As freqüentes referências ao Japão demonstram a influência exercida pela descoberta das estampas japonesas no Ocidente, não só em Van Gogh mas em todos os pintores da época.
Já na Bélgica, Van Gogh comprara algumas estampas japonesas feitas em tela, mas em Paris pode comprá-las por pouco dinheiro de Bing, que na sua loja, na rua Provence, tem mais de 100 mil. Os artistas não procuraram imitar esta arte exótica, mas a incorporaram a suas pesquisas pessoais. A japonaiserie, junto com outras influências contemporâneas, foi um dos elementos constituintes de uma arte nova e, para Van Gogh, serve para confirmar suas observações diretas diante da natureza.
“Todo o meu trabalho é um pouco baseado na japonaiserie. “
“A arte japonesa, em declínio na sua pátria, cria raízes nos artistas impressionistas franceses.”
“Não é pois uma espécie de religião que nos ensinam estes japoneses tão simples, que vivem na natureza como se eles próprios fossem flores?
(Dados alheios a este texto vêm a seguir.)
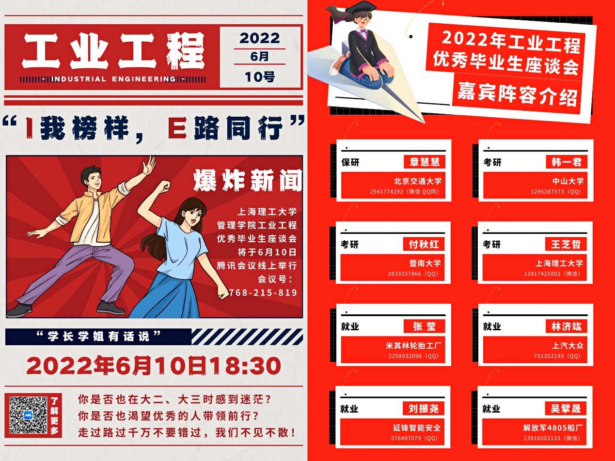 6月10日晚上18:30,伴随着同学们的热烈欢迎,BOB半岛·体育官方网站工业工程系“I我榜样,E路同行”学长学姐座谈会,通过腾讯会议,在线上隆重举行。本次座谈会由工业工程系主任刘勤明老师组织筹办,2019级本科生李佳翔同学主持召开。旨在通过2022年优秀毕业生的经验介绍,为2019级、2020级和部分2021级同学提供未来规划的帮助。并通过榜样的力量,激励后辈发愤图强,勇敢追求目标理想。参加本次会议的老师有:刘勤明老师、耿秀丽老师、台玉红老师、傅文瀚老师和张浩老师。优秀毕业生代表有:章慧慧、韩一君、付秋红、王芝哲、张莹、林济竑、刘振尧和吴擘晟。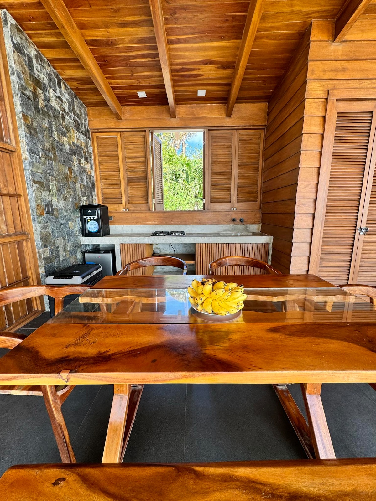 Das Haus liegt wunderschön mitten in den großen Bäumen. Es ist für deinen Komfort mit gestalteter Küche, Badezimmer und Schlafzimmer mit erstaunlich privater Open-Air-Badewanne gemacht. Entspanne dich, während du den Balete-Baum mitten im wilden Wald anstarrst, aber in der Nähe von Siquijor und San Juan Lehne dich zurück und entspanne dich – in dieser ruhigen, stilvollen Unterkunft.
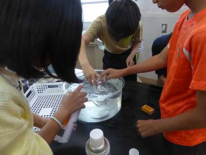 窒素や酸素はどのように燃えるのだろうか。グループで協力して実験を通して確かめました。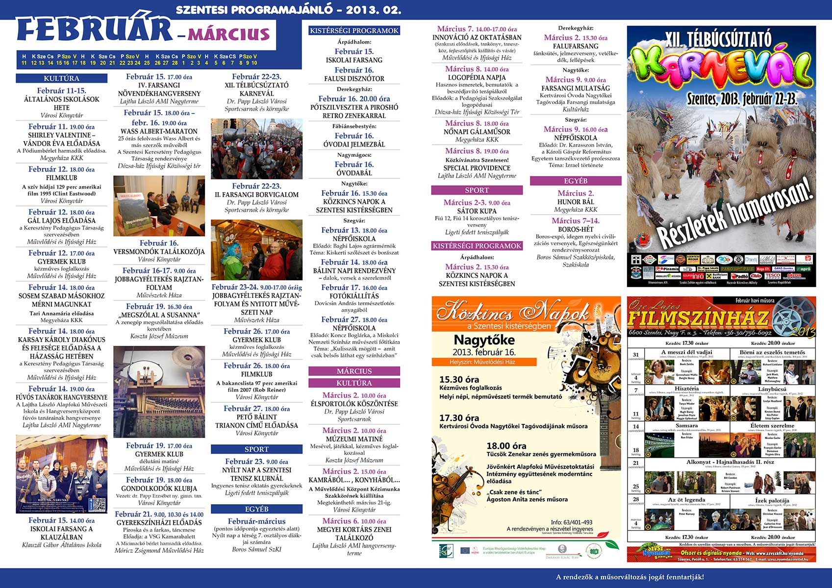 A hétvégén jelenik meg a Szentesi Programajánló 2013. februári száma, mely a következő egy hónap időtartam programjait, rendezvényeit hivatott népszerűsíteni. Az összeállításban részletesen megtalálhatjuk a helyi zenei, színházi, sport és egyéb szórakoztató rendezvényeit és azok helyszínét és időpontját. A Programajánlót keresse a FÓR magazinban!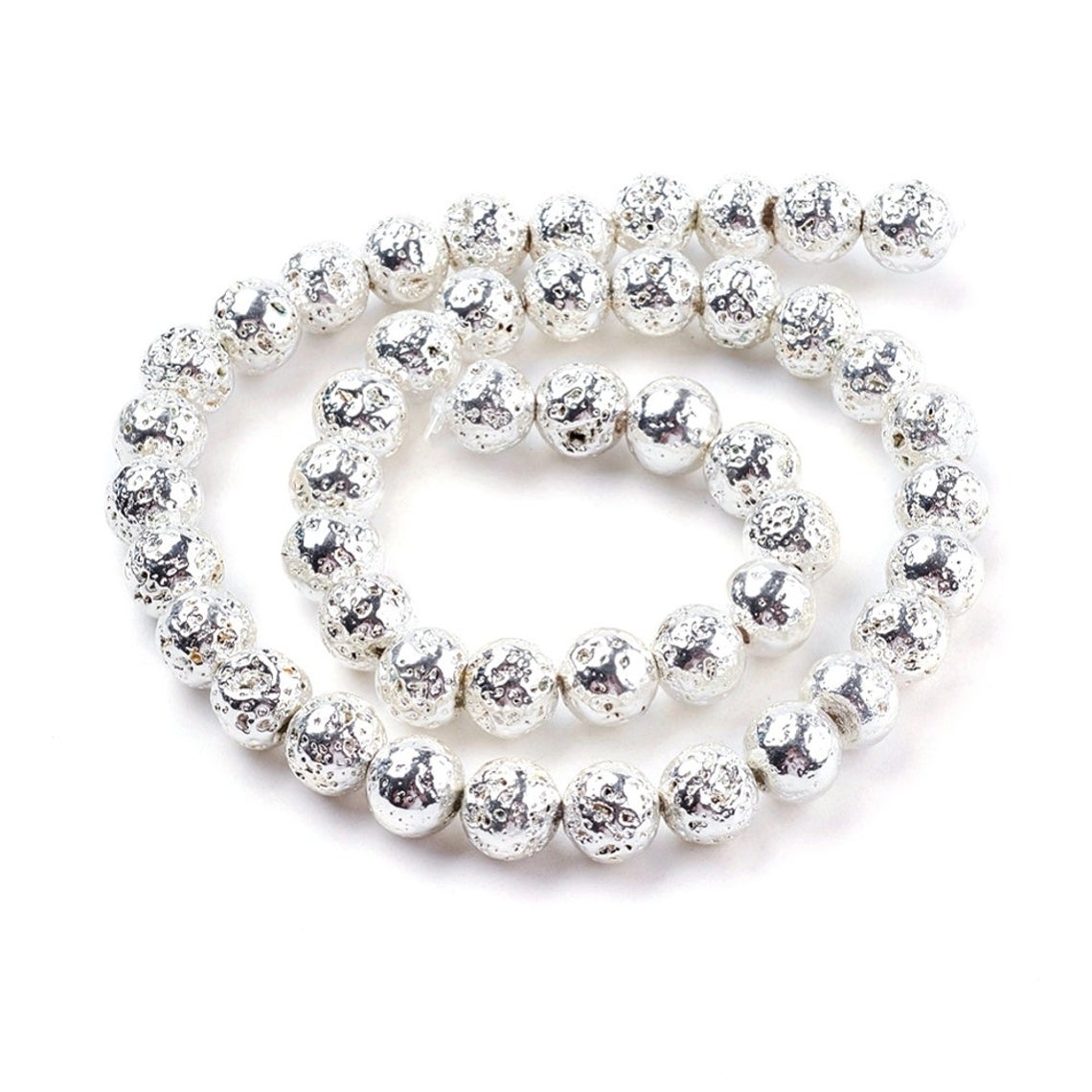 Items: Electroplated Natural Stone Lava Round Beads – Silver Plated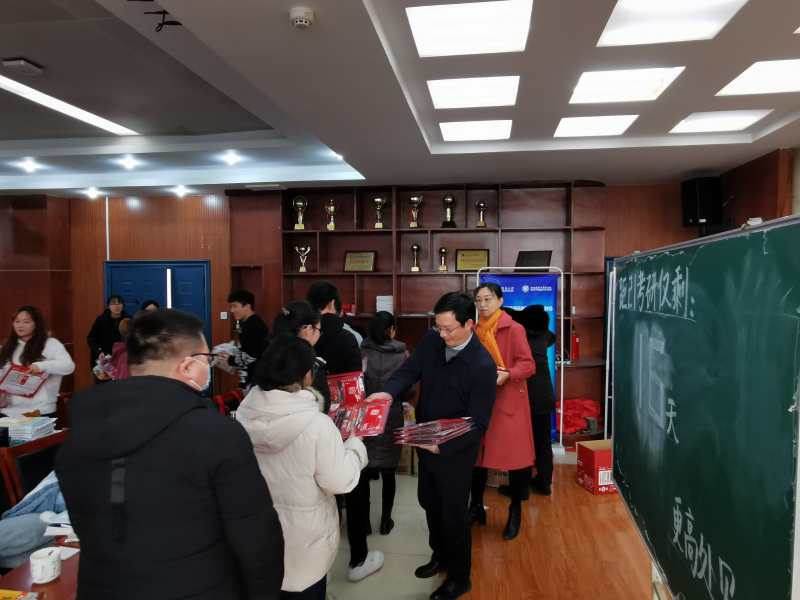 学院为每位考研同学精心准备了“考研加油包”,学院领导老师为同学们送上慰问品。现场气氛热烈,同学们对学院的关心和鼓励表示感谢,并纷纷表示要专心复习、不断努力,不辜负学院的期待和嘱托。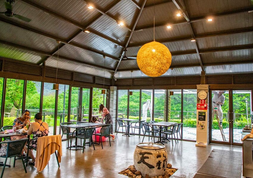 天籟星巴克咖啡廳擁有一個相當愜意的用餐環境,四周綠意盎然,旁邊還設有戶外大眾風呂,想要泡湯的朋友,不妨購買一張溫泉券來享受天籟溫泉,這裡的氛圍一步入咖啡廳就讓人有種渡假的感覺,非常棒。咖啡廳內部空間明亮且寬敞,由於客人中有穿泳裝的,因此座椅選用了藤椅,比較不會潮濕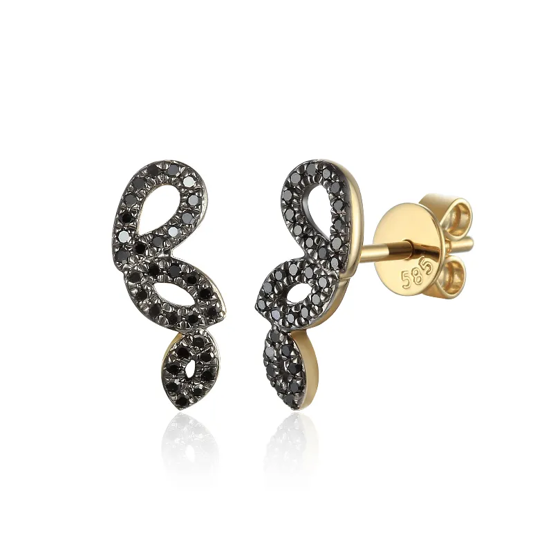 ZŁOTE 585 KOLCZYKI LISTKI CZARNE DIAMENTY SZTYFT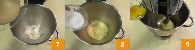 En este punto, añade la primera masa 7, agrega el azúcar 8 y comienza a amasar con el gancho. Cuando tengas una mezcla lisa y homogénea, añade las yemas poco a poco 9. Añade también la sal cuando la masa haya absorbido completamente las yemas.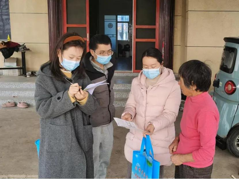 2月2日,工作人员在村医的带领下,直奔各牛羊养殖户家中,与养殖户面对面交流,现场发放宣传折页、围裙等宣传物资,用通俗易懂的语言详细讲解了布病的病原学特点、传播途径(主要通过接触、消化道、呼吸道传播)、临床表现及对劳动者健康造成的长期危害。北洲子镇向东村的赵医生对群众说道:“隔壁村某某就是因为得了布病,未及时治疗,造成很严重的关节炎,连路都不能走了”。群众听得十分认真并表示认识到了其危害性。

E parece-me que quando se estuda a arte japonesa fica-se muito mais alegre e feliz; ela nos obriga a voltar à natureza não obstante a nossa educação e o nosso trabalho em um mundo de convenções.”
Escreve para a irmã:
“Théo escreveu-me que deu estampas japonesas de presente para você. É por certo o modo mais prático para chegar a compreender a direção que tomou em nossos dias a pintura clara e colorida. Eu, por mim, aqui não tenho necessidade delas, pois me repito sempre que, aqui, estou no Japão. E assim não tenho mais nada a fazer senão abrir os olhos e pintar o que, diante de mim, me motiva”.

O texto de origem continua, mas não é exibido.